-- Task brief --
The part to set down runs from the first line of the data below through the line with "育成難易度 → ★★★☆☆", inclusive; write it exactly and leave out the pictures.

-- Input data --
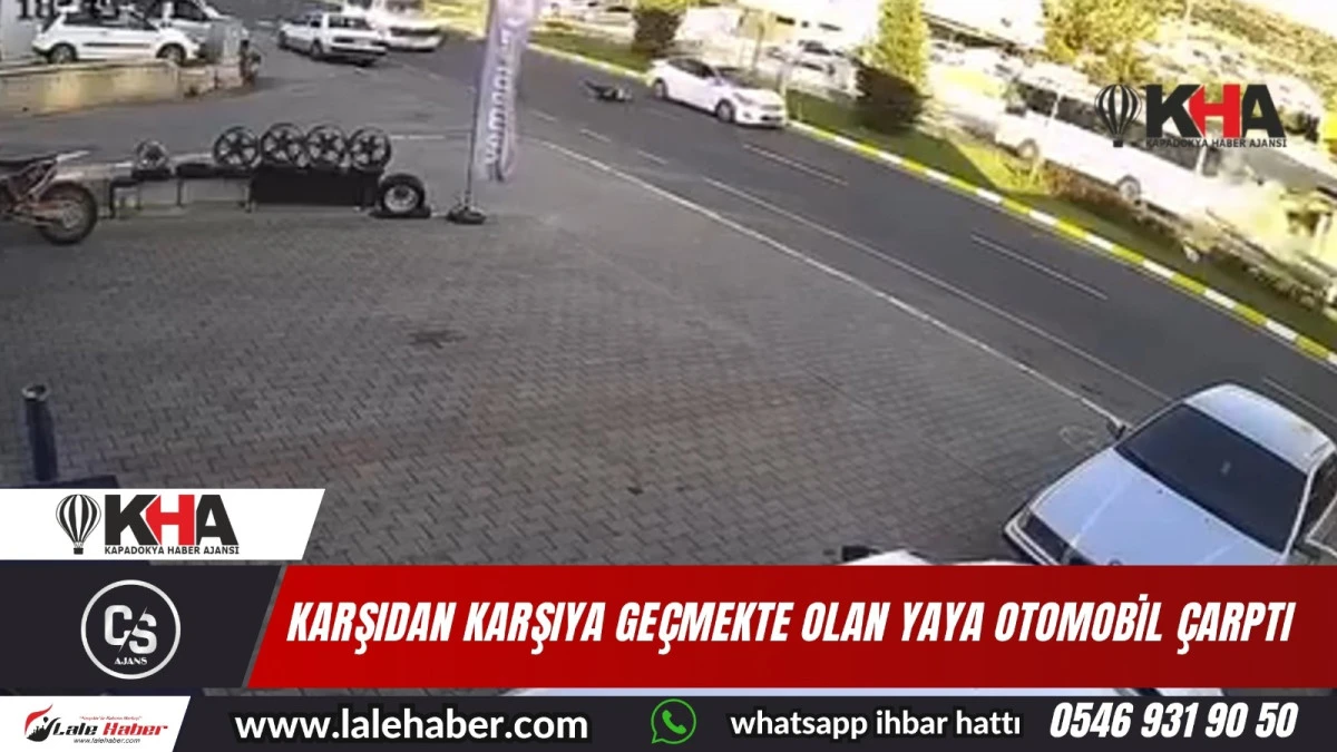 Nevşehir’de bugün akşam saatlerinde bir otomobilin karşıdan karşıya geçmekte olan yayaya çarpma anı bir işyerine ait güvenlik kamerasına saniye saniye yansıdı.
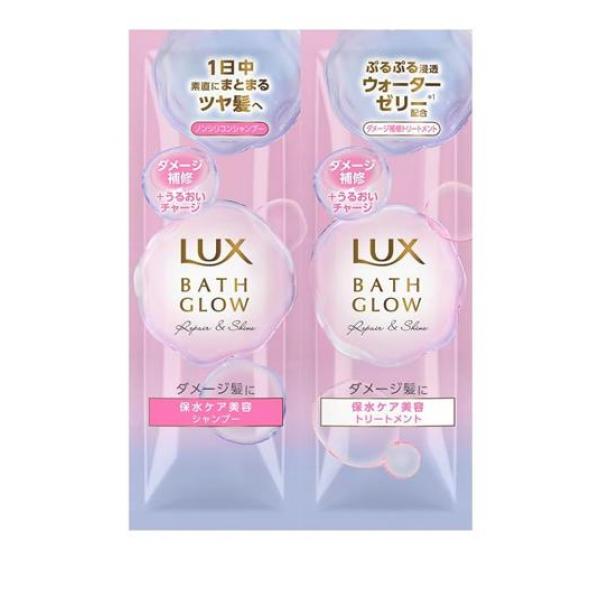 ●LUX BATH GLOW Repair & Shine ラックス バスグロウ リペアアンドシャイン シャンプー&トリートメント サシェセット●ダメージ髪に「ダメージ補修+うるおいチャージ」保水ケア美容ヘアシャンプー&トリートメントの1回分お試しサイズ(各10g)●朝、髪がまとまらない原因の1つは髪の水分不足。保水ケア美容で朝起きてから1日中素直にまとまるツヤ髪へ。●ダメージが気になる方におすすめな、リペア&シャイン。傷んで乱れた髪を内部まで補修。光を反射する自然なツヤ髪へ導きます。●髪内部にとどまる、ぷるぷる浸透ウォーターゼリー(*1)配合。◇スイゼンジノリエキス:ヒアルロン酸の約5倍(*2)の保水力を持つ保湿成分。◇グリセリン水溶液:髪の芯まで浸透し、保湿。◇アルギニン:髪のダメージを集中補修・保湿。●水溶性コラーゲンアミノ(*3)配合。ダメージによる髪内部の乾燥をケア。●ホワイトフリージア&グリーンアップルのみずみずしく清楚な香り。●パラベン・合成着色料・シリコン無添加。●ノンシリコンシャンプー/ヘアケア/ダメージケア●販売名:ラックスPPRシャンプーB〈1回分〉10g●販売名
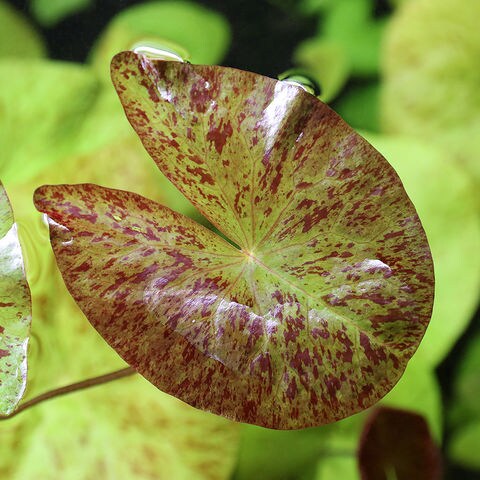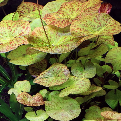 育成難易度 → ★★★☆☆ 2011年にパンタナルレッドスポットヌパールの名称で入荷したニムファの1種です。 葉は光量により黄色~橙色に変化し、赤いスポット状の斑点が散りばめられたような色彩をしています。 浮葉は比較的出しにくい種類で、小型水槽でも比較的扱いやすいサイズです。 育成は高光量、CO2添加を行った環境が望ましく、光量が低い環境ですと葉がライトグリーンかつ小型に収まります。 育成環境が良いと葉の直径が10cm程度まで生長する為、光量や肥料のバランスによりサイズを調整した方が良いです。 夜咲きのため夜間に花を咲かせますが、同様の名称で花の形状が異なる複数種が流通している可能性があります。 本種は白色の花を咲かせるタイプです。 |
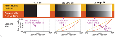 그림 . 1 은 신호 비선형성 및 비트 심도가 그레이스케일 윤곽과 같은 양자화 아티팩트의 잠재적 가시성에 미치는 영향을 설명합니다. 이러한 고려 사항은 HDR 신호가 일반적으로 10비트 또는 12비트 양자화를 사용하는 이유와 인지 양자화기(PQ) 또는 하이브리드 로그 감마(HLG) 비선형 신호(ITU-R Rec. BT.2100)의 개발 및 현재 널리 사용되는 동기를 설명합니다. 1 감마 또는 전력 함수 대신. 그림의 상단 부분에 있는 3개의 램프는 모두 상대적인 최소값과 최대값이 동일합니다. 그러나 이러한 극단 사이의 단계 수 또는 세분성은 다양합니다. 그림 . 1a1비트로만 양자화하며, 이는 두 극단을 인코딩하기에 충분하지만 중간 톤 값은 인코딩하지 않습니다. 이 예에서 도 . 도 1b 는 낮은 비트 깊이로 인코딩된 동일한 램프의 모양을 보여주어 극단 사이에 더 많은 톤 값의 가시성을 제공합니다. 그러나 비트 깊이 제한으로 인해 윤곽선 단계가 매우 두드러집니다. 마지막 예 도 . 도 1c 는 더 많은 수의 비트로 인코딩된 램프를 보여주며, 그 결과 가시적인 윤곽 아티팩트 없이 연속적인 램프가 나타납니다. 그러나 비선형성을 현명하게 선택하지 않으면 충분히 높은 비트 깊이를 사용하는 경우에도 컨투어링 아티팩트가 보일 수 있습니다. (자세한 내용은 IDMS 섹션 B33.5.2를 참조하십시오.)

-- Response for this exercise --
 Nevşehir’de bugün akşam saatlerinde bir otomobilin karşıdan karşıya geçmekte olan yayaya çarpma anı bir işyerine ait güvenlik kamerasına saniye saniye yansıdı.
 ●LUX BATH GLOW Repair & Shine ラックス バスグロウ リペアアンドシャイン シャンプー&トリートメント サシェセット●ダメージ髪に「ダメージ補修+うるおいチャージ」保水ケア美容ヘアシャンプー&トリートメントの1回分お試しサイズ(各10g)●朝、髪がまとまらない原因の1つは髪の水分不足。保水ケア美容で朝起きてから1日中素直にまとまるツヤ髪へ。●ダメージが気になる方におすすめな、リペア&シャイン。傷んで乱れた髪を内部まで補修。光を反射する自然なツヤ髪へ導きます。●髪内部にとどまる、ぷるぷる浸透ウォーターゼリー(*1)配合。◇スイゼンジノリエキス:ヒアルロン酸の約5倍(*2)の保水力を持つ保湿成分。◇グリセリン水溶液:髪の芯まで浸透し、保湿。◇アルギニン:髪のダメージを集中補修・保湿。●水溶性コラーゲンアミノ(*3)配合。ダメージによる髪内部の乾燥をケア。●ホワイトフリージア&グリーンアップルのみずみずしく清楚な香り。●パラベン・合成着色料・シリコン無添加。●ノンシリコンシャンプー/ヘアケア/ダメージケア●販売名:ラックスPPRシャンプーB〈1回分〉10g●販売名
 育成難易度 → ★★★☆☆ 2011年にパンタナルレッドスポットヌパールの名称で入荷したニムファの1種です。 葉は光量により黄色~橙色に変化し、赤いスポット状の斑点が散りばめられたような色彩をしています。 浮葉は比較的出しにくい種類で、小型水槽でも比較的扱いやすいサイズです。 育成は高光量、CO2添加を行った環境が望ましく、光量が低い環境ですと葉がライトグリーンかつ小型に収まります。 育成環境が良いと葉の直径が10cm程度まで生長する為、光量や肥料のバランスによりサイズを調整した方が良いです。 夜咲きのため夜間に花を咲かせますが、同様の名称で花の形状が異なる複数種が流通している可能性があります。 本種は白色の花を咲かせるタイプです。 |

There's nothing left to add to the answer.